El método bien documentado de detener el Arsenal actual es defender en masa detrás de la pelota, restringiendo el espacio, porque los jugadores se quedan dentro de sus zonas determinadas en la cancha. No existió tal método para defender contra el Arsenal 03/04 porque los jugadores fueron tan espontáneos con sus movimientos que fue imposible predecir cómo fueran a alinearse. Y aun si uno consiguiera contener los contraataques y los pases largos directos, este equipo tuvo jugadores capaces de momentos de pura genialidad.

Momentos mágicos

La verdad es que el equipo de 2003/2004 tuvo algo que le falta al equipo actual: el mejor delantero que el club ha visto jamás. Durante sus mejores años, Thierry Henry fue imparable. Un talento como el suyo no se ve con demasiada frecuencia. Muchos equipos nunca tendrán un jugador de su clase. Arsenal, aun en su peor momento, tuvo la posibilidad de ganar porque Thierry fue siempre capaz de lo sublime – ya sea un disparo de larga distancia o un espectacular regate – y goles como esto (del partido ante Liverpool a lo cual hicimos referencia antes en el artículo) o esto ante Manchester United, o el taco ante Southampton. ¿Y si Thierry tuvo un mal día? Pues, el equipo pudo contar con Pirès o Bergkamp. La creatividad delicada de Bergkamp complementó perfectamente la velocidad feroz de Henry.

El equipo actual no tiene esto de momento. Sí, Theo Walcott tiene velocidad explosiva, pero su habilidad de regate es – en el mejor de los casos –  solamente satisfactoria. Santi Cazorla es un crack, alguien que no tiene miedo de disparar y a cuyo alrededor el equipo se puede construir, pero las jugadas lentas le decepcionan. Jack Wilshere representa una gran esperanza para el club, especialmente junto con los talentos de Cazorla, pero no parece que sus problemas con las lesiones se vayan a amainar dentro de poco. Y por muy bien que jueguen Giroud y Podolski, nunca podrán replicar las actuaciones de Henry en plena forma.

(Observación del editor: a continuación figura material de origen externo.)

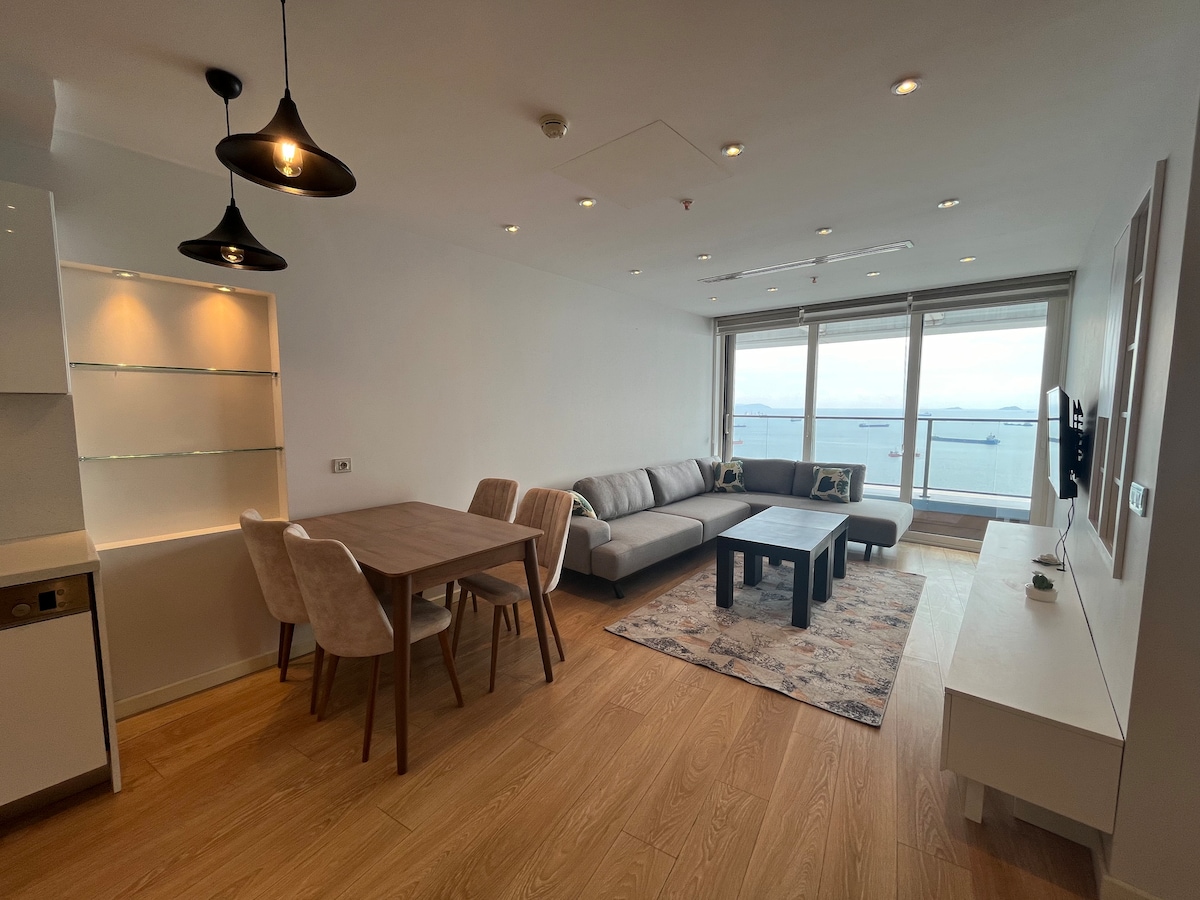 Acerca de este espacio Este lugar único tiene su propio estilo. La propiedad está justo al lado del mar y tiene una hermosa vista única al mar. Puedes disfrutar del atardecer desde el dormitorio y la sala de estar. La propiedad está en el piso 20 y está en la sección central del edificio, con una vista muy amplia y panorámica del mar. Se encuentra a 5 minutos a pie de la línea de metro Marmaray. Hay una parada de taxis. Está a 5 minutos a pie del Fisekhane ( farmacia , mercado, restaurante, etc.).

No sería posible para el equipo actual emular el éxito del equipo de 03/04 sólo copiándo todo lo que hizo. Los otros equipos han desarrollado tácticamente y la cantidad de espacio ofrecida a los Invencibles en el pasado ya no existe en el juego moderno en este país. Dicho esto, hay muchos puntos positivos que podrían ser empleados hoy en día. Atacando su oponente a velocidad fue, es y siempre será un método de atacar que logra éxito. Junto con transiciones rápidas, disparando de larga distancia cuando sea apropiado y una énfasis verdadera en el rebote, y el equipo será una amenaza para cualquier defensa. Aunque el Arsenal 03/04 no concediera muchos goles, no estaba obsesionado por la estabilidad defensiva. En cambio, se adhirió a la filosofía de ‘marcar más goles que su rival’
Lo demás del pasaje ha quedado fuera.